When a function takes a `list` of objects as a parameter, it's often important to iterate over that `list` multiple times.

In [1]:
# Say we'd like to figure out what the percentage of overall tourism each city receives. To this, we need a
# normalization function that sums the inputs to determine the total number of tourists per year and then divides
# each city's individual visitor count by the total to fin that city's contribution to the whole
def normalize(numbers):
    total = sum(numbers)
    result = []
    for value in numbers:
        percent = 100 * value / total
        result.append(percent)
    return result

In [3]:
# Function works as expected when given a list of visits
visits = [15, 35, 80]
percentages = normalize(visits)
print(percentages)
assert sum(percentages) == 100.0

[11.538461538461538, 26.923076923076923, 61.53846153846154]


In [4]:
# We define a generator to read data from a file because then we can reuse the same function later
def read_visits(data_path):
    with open(data_path) as f:
        for line in f:
            yield int(line)

In [6]:
# Calling normalize on the read_visits generator's return value produces no result
it = read_visits('my_numbers.txt')
percentages = normalize(it)
print(percentages)

[]


This behavior of the above code (returned an empty list) occurs because an iterator produces its results only a single time. If we iterate over an iterator or a generator that has already raised a `StopIteration` exception, we won't get any results the second time around:

In [7]:
it = read_visits('my_numbers.txt')
print(list(it))
print(list(it)) # Already exausted

[15, 35, 80]
[]


Confunsingly, we also won't get any errors when iterating over an already exhausted iterator. `for` loops, the `list` constructor, and many other functions throughout the Python Standard Library expect the `StopIteration` exception to b raised during normal operation. These functions can't tell the difference an iterator that has no output and an iterator that had output and is now exhausted.

In [8]:
# To solve the above issue, we can explicitly exhast an input iterator and keep a copy of its entire content in a
# list. We can then iterate over the list version of the data as many times as we need. Here's the same function as
# before, but it defensively copies the input iterator
def normalize_copy(numbers):
    numbers_copy = list(numbers) # Copy the iterator
    total = sum(numbers_copy)
    result = []
    for value in numbers_copy:
        percent = 100 * value / total
        result.append(percent)
    return result

In [9]:
# Now the function works correctly on the read_visits generator's return value
it = read_visits('my_numbers.txt')
percentages = normalize_copy(it)
print(percentages)
assert sum(percentages) == 100.0

[11.538461538461538, 26.923076923076923, 61.53846153846154]
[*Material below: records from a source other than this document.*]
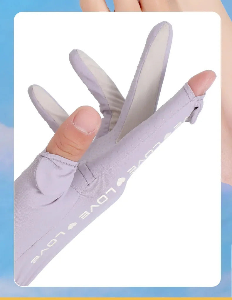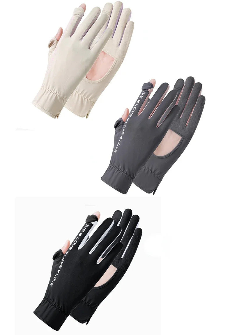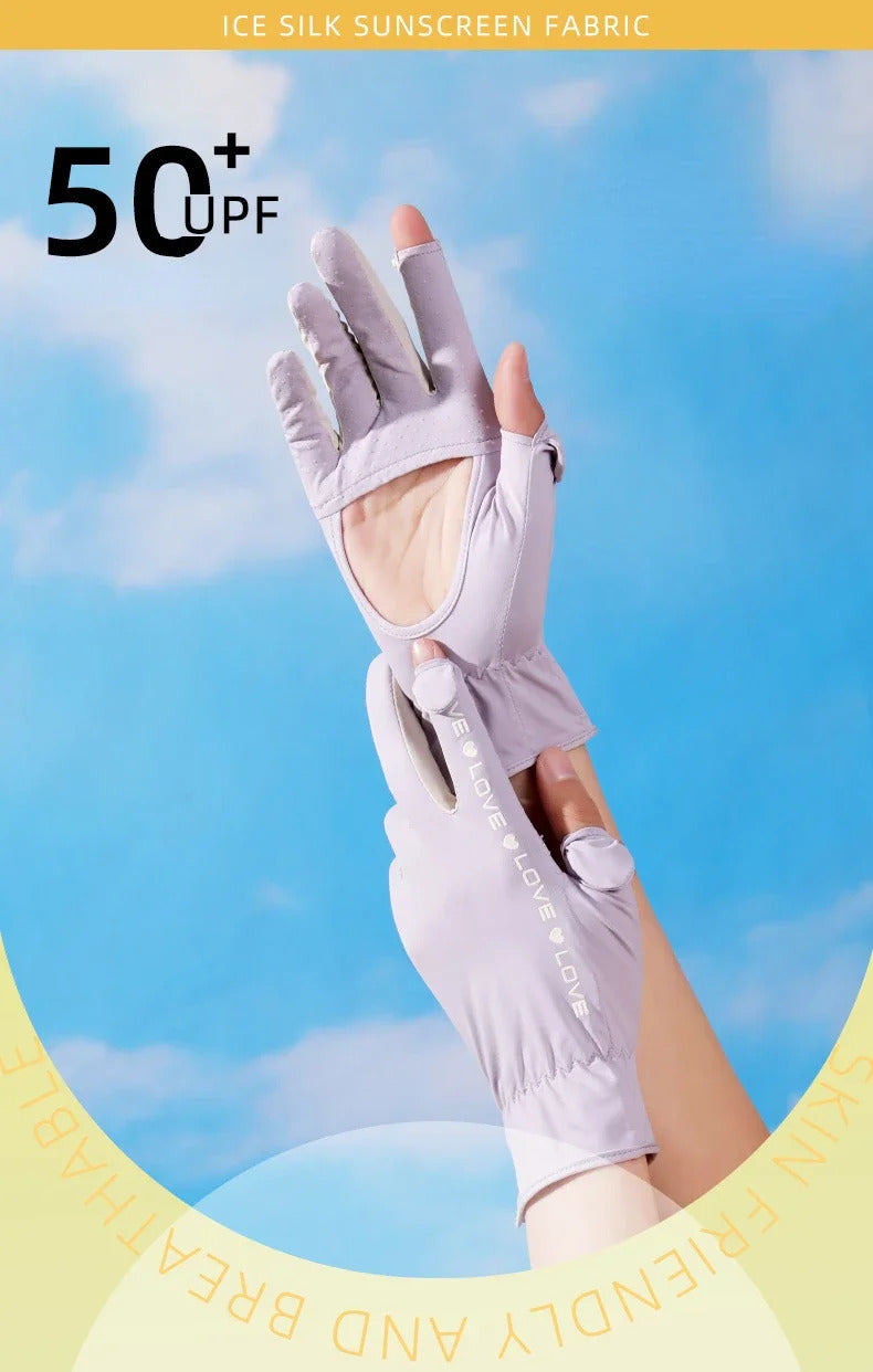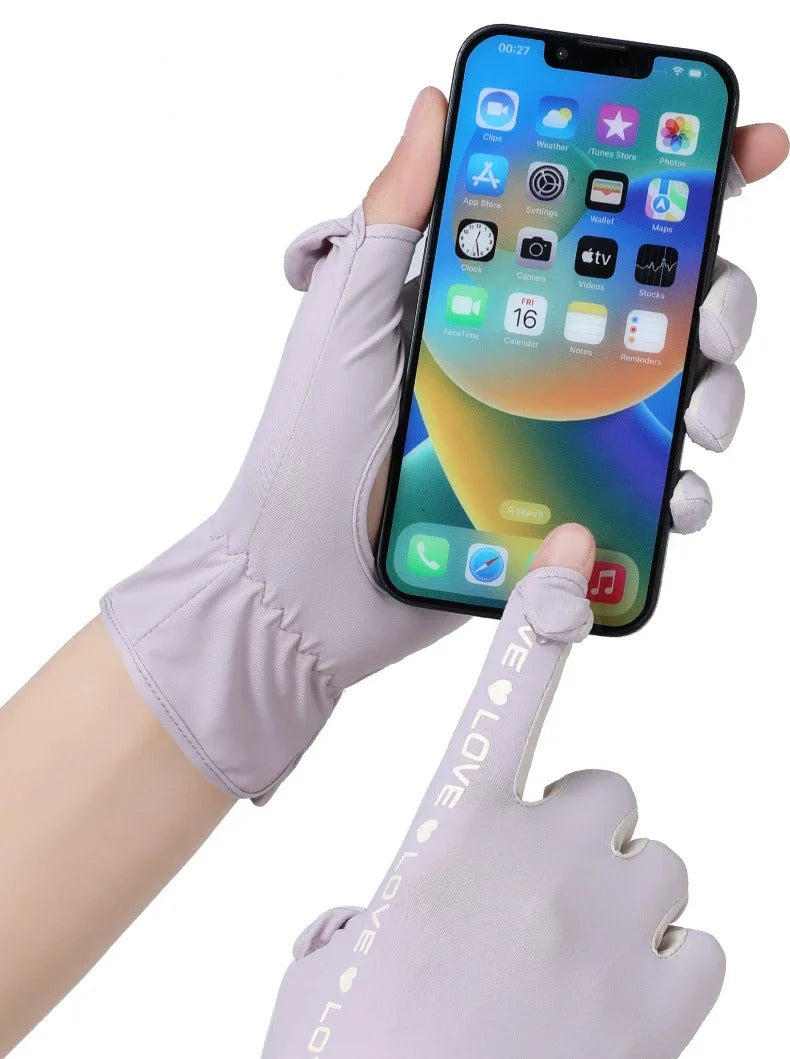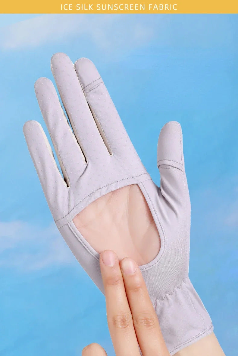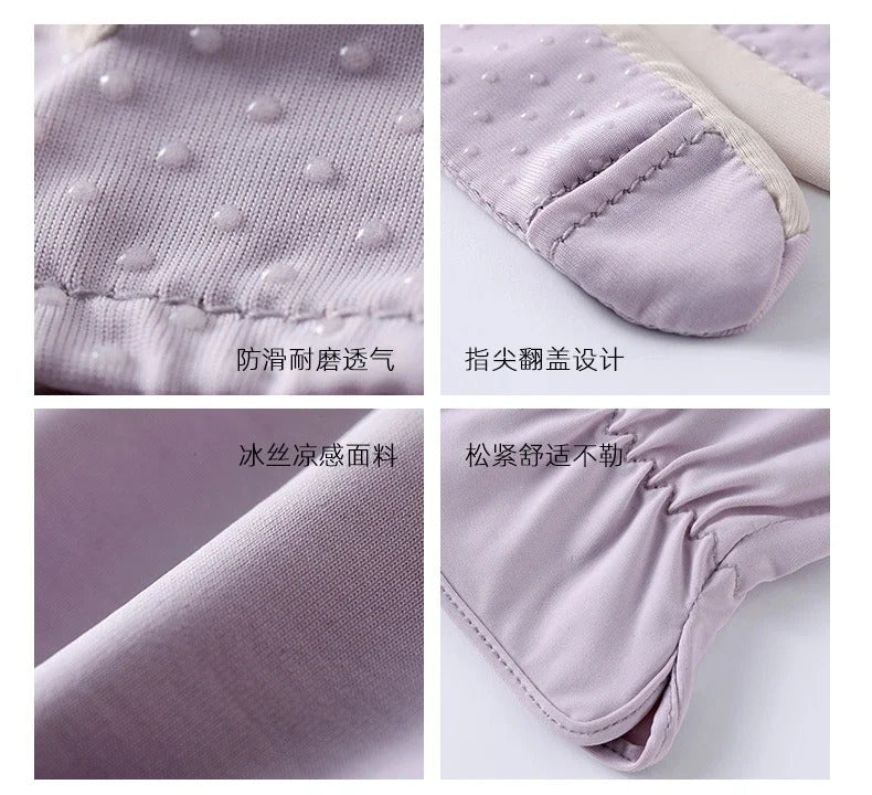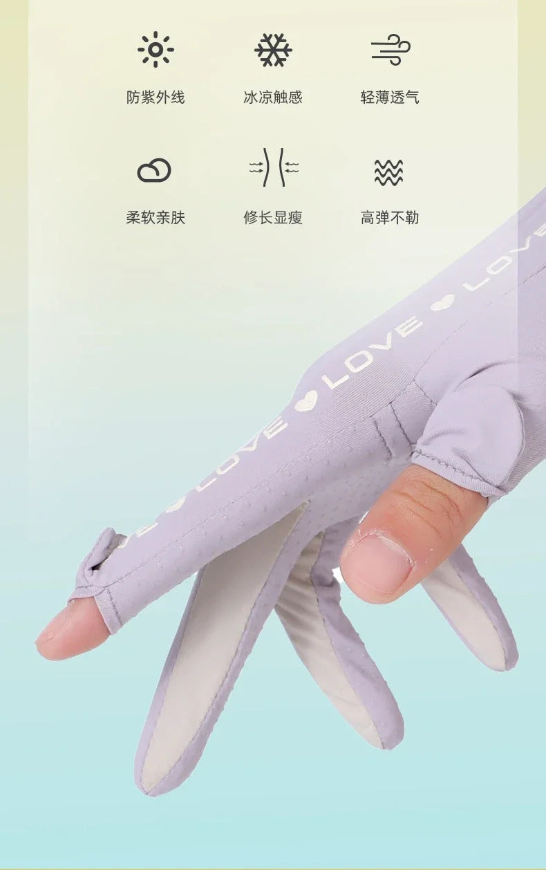 防晒手套女Sunscreen Gloves Summer Women Outdoor Fitness Ice Silk Gloves Hollowed Out Palm Breathable Elastic Touch Screen Cycling Gloves
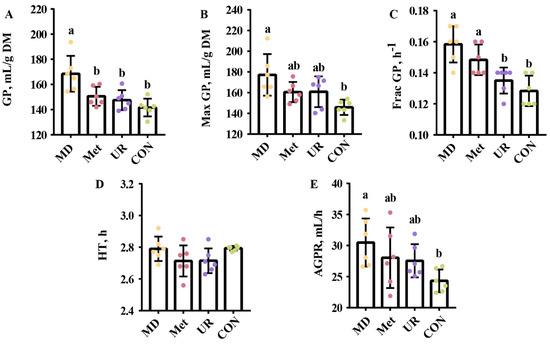 Effects of urea, methionine, and methionine dipeptide on parameters of in vitro fermentation kinetics of total mixed ration during 48 h incubation. CON = no additive, UR = urea addition, Met = methionine addition, and MD = methionine dipeptide addition. GP (A) indicates cumulative gas production at 48 h. Max GP (B) indicates ideal maximum gas production. Frac GP. (C) indicates the fractional rate of gas production. HT (D) indicates time to reach half the ideal maximum gas production. AGPR (E) indicates the average gas production rate when half of the ideal maximum gas production was produced. Means with different letters (a, b) are significantly different (p < 0.05). Vertical bars denote standard deviation (SD); n = 6 per treatment per time.
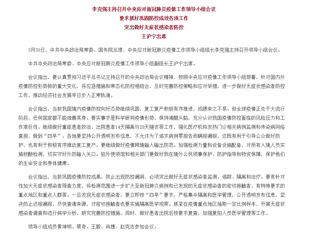 中央应对新冠肺炎疫情工作领导小组召开会议。会议指出,当前巩固疫情防控成果,防止出现防控漏洞,要突出做好无症状感染者监测隔离和治疗,有针对性加大筛查力度,将检测范围扩大至已发现病例和无症状感染者的密切接触者、重点地区和人群等。一旦发现无症状感染者,要立即按“四早”要求,严格集中隔离和医学管理,公开透明发布信息,尽快查清来源,对密切接触者也要实施隔离医学观察。抓紧在疫情重点地区抽取一定比例样本,开展无症状感染者调查和流行病学分析研究,完善防控措施。
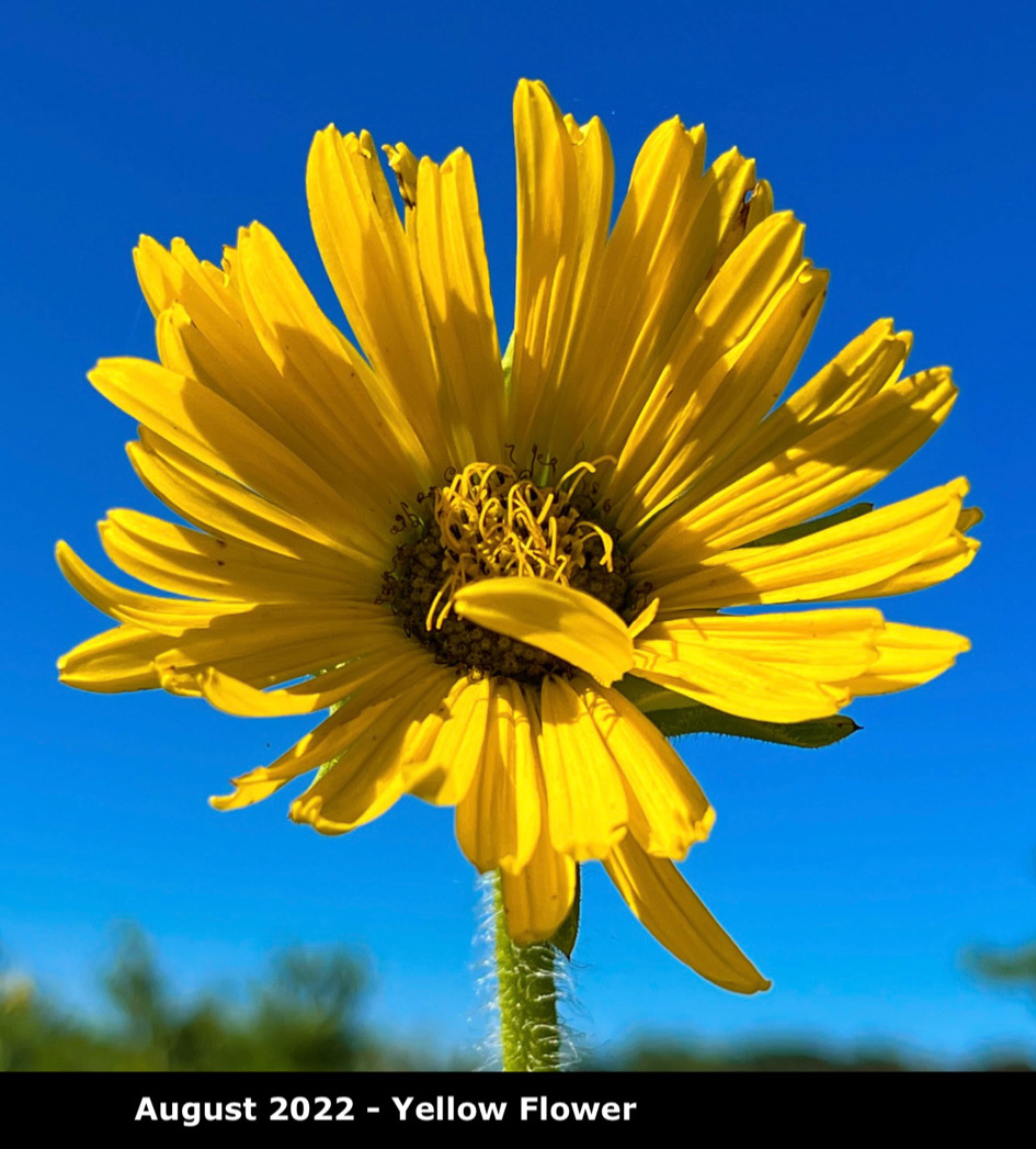 Jacob. I love the yellow against the blue sky for sure. Also the way the light falls on the centre of the flower is well done on drawing the eye there. I think if you are trying tp portray the height maybe a closer crop would help. I can see why you cropped the stem down to remove the background structure though. Perhaps if you had tried moving around the flower and used portrait orientation it would have allowed more inclusion of the stem. A lovely in-focus image that makes one feel positive. |

The problem with this approach is that the copy of the input iterator's content could be extremely large. Copying the iterator could cause the program to run out of memory and crash. This potential for scalability issues undermines the reason that the author wrote the `read_visits` function as a generator. 

In [10]:
# One way to get around the issue mentioned above is to accept a function that returns a new iterator each time is
# called
def normalize_func(get_iter):
    total = sum(get_iter()) # New iterator
    result = []
    for value in get_iter(): # New iterator
        percent = 100 * value / total
        result.append(percent)
    return result

In [11]:
# To use normalize_func, we can pass a lambda expression that calls the generator and produces a new iterator each time
path = 'my_numbers.txt'
percentages = normalize_func(lambda: read_visits(path))
print(percentages)
assert sum(percentages) == 100.0

[11.538461538461538, 26.923076923076923, 61.53846153846154]


Although the above code works, is kind of clumsy having to pass lamda function as a parameter to `normalize_func`. A much better way to achieve this is to provide a new container class that implements the *Iterator Protocol*.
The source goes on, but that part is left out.